Eye For Film >> Movies >> Jaws (1975) Film Review
Do you love the water?
Given director Steven Spielberg's predilection for calling his more sensational films 'fast-food movies', anyone approaching Jaws for the first time might feel an extra reason for combining horror and camp humour in their advance assessment. There is always a fairground attraction element in revisiting old scary movies. Jumping out of our seats is combined with a know-all feeling that the special effects are somewhat dated. But as there is much more to Jaws than a rather unrealistic model shark, it still has plenty of power to thrill.
The basic story is simple enough. A killer shark threatens a popular beach resort and people are slow to believe it for fear of lost revenue. Spielberg notches up the emotional tension with a range of equally iconic characters, deft camera work and an ominous score by John Williams. The memorable leitmotif - low thumping staccato notes like a heart pounding too quickly - announces the approach of the shark so effectively that the sound scares us half to death even before any visual sighting.

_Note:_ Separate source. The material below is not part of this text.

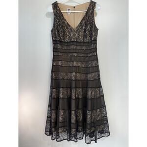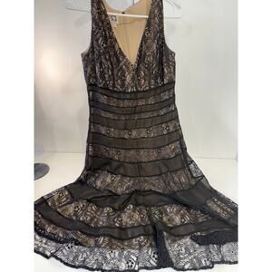 Elevate your wardrobe with this stunning Anne Klein Size 4 Lace Fit & Flare Dress, designed with timeless elegance and flattering structure. Featuring a deep V-neckline, striped sheer lace panels, and a nude underlay that creates gorgeous dimension, this dress delivers the perfect blend of classic sophistication and modern femininity.
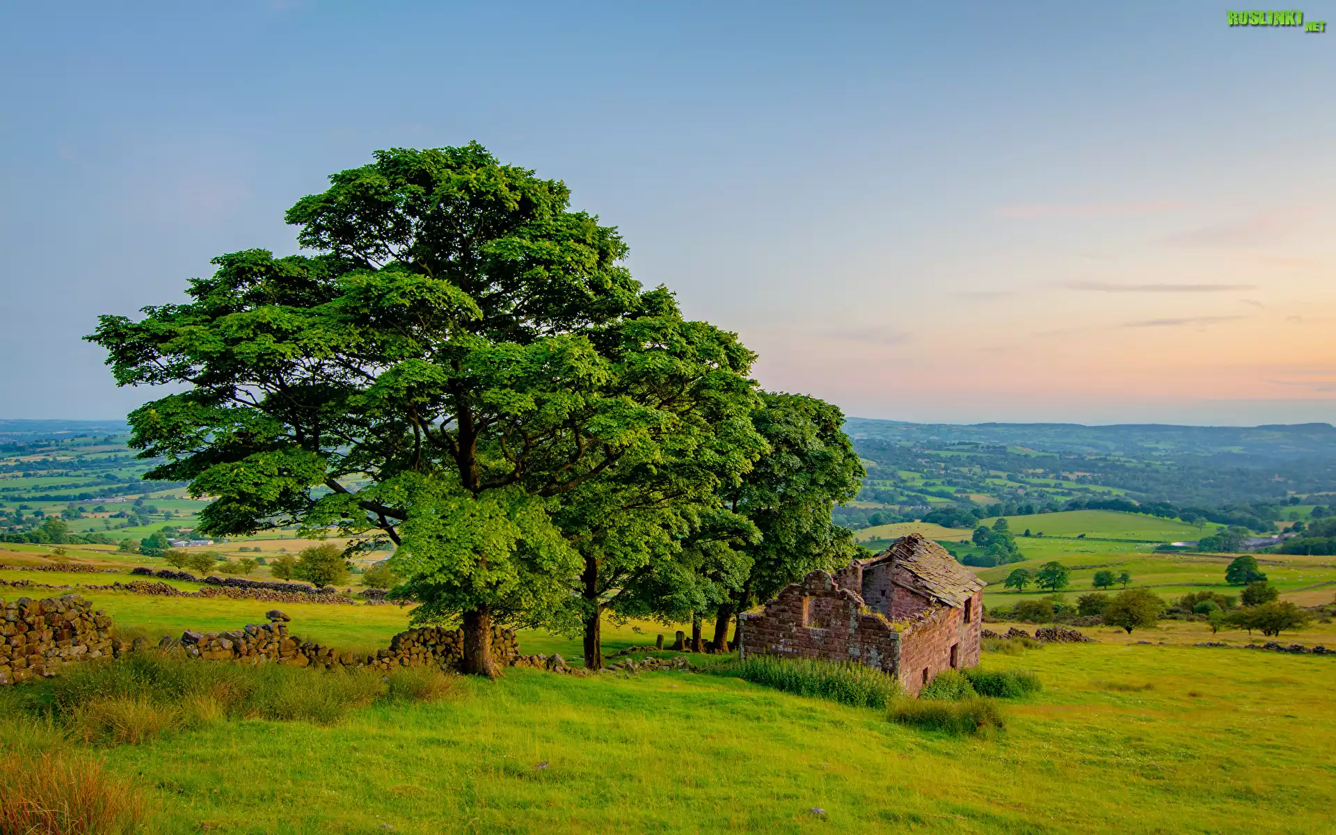 Rośliny: Pole, Drzewa, Dom, Ruiny, Murek, Zachód słońca

The three main characters, Roy Scheider as Police Chief Martin Brody, Richard Dreyfuss as rational scientist Matt Hooper, and Robert Shaw's grizzled man-of-the-sea Quint, offer three very different personalities with different emotional trigger points. The deft editing produces constant mood switching that keeps us on the edge of our seats for all of them, plus some puppy dogs and a young-and-beautiful surf set to pull in anyone not moved by the more high-minded heroes. A severed arm is discovered on the beach in a warm community context. Our nerdy policeman is visibly upset.
These superb performances are supported by inventive camerawork. Look out for the moment when Dreyfuss, getting a shoulder-rub from his wife, witnesses a shark attack on the beach. The camera tracks forward while zooming back so Dreyfuss' image stays constant but the perspective changes suddenly - it's as if the background closes behind him. This disorientating effect (famously used by Hitchcock in Vertigo) prepares us with stomach-churning anticipation for a glimpse of the shark.
Together with The Exorcist and Star Wars, Jaws heralded the advent of the modern blockbuster. Released on multiple screens without the usual word-of-mouth advertising, going to see them became a cultural necessity. Jaws is a well-made, nuanced, gamble of a film that paid off handsomely and assured Spielberg's future. The era it heralded also, unfortunately, opened the floodgates for much less worthy films.
Many years on, Jaws still has the power to thrill - and perhaps to make you think twice when going skinny-dipping.